Even before the Telecom Dispute Settlement and Appellate Tribunal (TDSAT) dismissed the Telecom Regulatory Authority of India’s (Trai) October 2007 order on fixing ceilings for cable television bills in different categories of cities as being ‘arbitrary and irrational’, it was always obvious the process of regulating television tariffs wasn’t really working. The reason is simple. As the broadcasters’ lawyers argued before the TDSAT, and the TDSAT accepted, Trai never really fixed tariffs right from the time it got the mandate to regulate this sector in 2004. All it did, in October 2004, was to freeze tariffs at levels already being charged in December 2003 assuming, in a sense, that retail tariffs represented costs (plus a profit). In 2007, based on an all-India survey of tariffs being charged by cable television operators (and some comparison of these rates with offers made by DTH and CAS* firms), it arrived at an all-India average and then used this to prescribe various ceilings for different cities; within this, bands were also fixed depending upon the number of pay channels being offered. So, if you got 30 free-to-air (FTA) channels and up to 20 pay ones in an A-1 category city like Delhi, the monthly cable bill ceiling prescribed was Rs 160 (Rs 140 for a B-1 city like Meerut); this rose to Rs 260 if more than 45 pay channels were offered in Delhi and to Rs 220 in Meerut.
But before we rush to condemn Trai for not doing its job, it is important to know why it never fixed price ceilings based on costs, which is the way tariff ceilings are set by all regulators across the world. Trai simply couldn’t get this data since many broadcasters argue the programmes they show are produced globally, so it is difficult to apportion costs for just the India part. To fix tariffs, Trai needs costs and revenues (ad revenues vary from 50-80 per cent of total revenues and broadcasters don’t share this data either) — in the absence of firm data, the market survey approach was probably the best Trai could do. Though the TDSAT has given Trai six months in which to come up with a fresh order in which it will look at such issues, how Trai will be able to address the issue is anyone’s guess.
Of course, Trai’s order had several infirmities as well. It prescribed tariff ceilings but, at the same time, froze rates. So, while the ceiling for 30 FTA and 30 pay channels for Delhi was fixed at Rs 235, if a consumer was paying Rs 150, his/her cable bill could only be Rs 150 plus a 4 per cent inflation, or Rs 156. Imagine the chaos with cable operators charging different households on the basis of whether they were old (Rs 156) or new customers (Rs 235) and the incentive to make old customers into new ones.

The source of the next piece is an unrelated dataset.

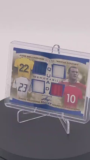 Jude Bellingham y Wayne Rooney Tarjeta UQM-3 Leaf en el frente de la tarjeta encontrarás pieza de playera utilizada durante el juego.

While another Trai order said rates in CAS areas should be lower than in non-CAS ones since a CAS/DTH operator cannot under-declare the number of subscribers, its 2007 order actually reversed this. CAS rates fixed by Trai were Rs 5 per pay channel (this is under challenge at the Supreme Court), yet under the ceilings prescribed for non-CAS, the rates vary from Rs 2.65 to Rs 4.06 per channel, depending upon the city and the number of pay channels.
Another specious Trai contention related to competition. Clearly, if there are enough competitors, there can is no need for regulating prices. While the broadcasters argue there is enough competition since there are already 270 channels offered by more than a dozen of them, and more are in the pipeline, Trai rejected this arguing, incredibly, “that competition will exist only if a channel can easily substitute for another channel, which is often not the case … each channel has certain uniqueness associated with it because of its content … thus a particular TV channel carrying popular serials cannot be replaced by another …”
That said, is there a case for regulating prices? After all, more people drink tea than watch TV, but tea prices aren’t regulated. Clearly there is, for while there is competition among channels, there is no competition at the consumer level — given the way the cable operators have their areas clearly marked out, the consumer has no option but to pay what the cable operator demands and accept shoddy service as well. This is precisely what Trai attempted to fix. And, if you fix cable ceilings, you have no option but to ensure cable operators don’t get rooked by broadcasters. So, Trai mandated that broadcasters have to sell channels to cable operators on an a la carte basis (otherwise cable operators have to pay for channels no one wants to watch) and the pricing between a la carte channels and bouquets which also have other channels has to be rationalized. But this is what the TDSAT struck down.
Moral of the story: Till the time the government mandates CAS all over the country (and several broadcasters are against this) and consumers actually have a choice, there is no getting away from regulating cable fees through a ceiling. And while Trai’s regulations have various shortcomings, there aren’t too many better solutions.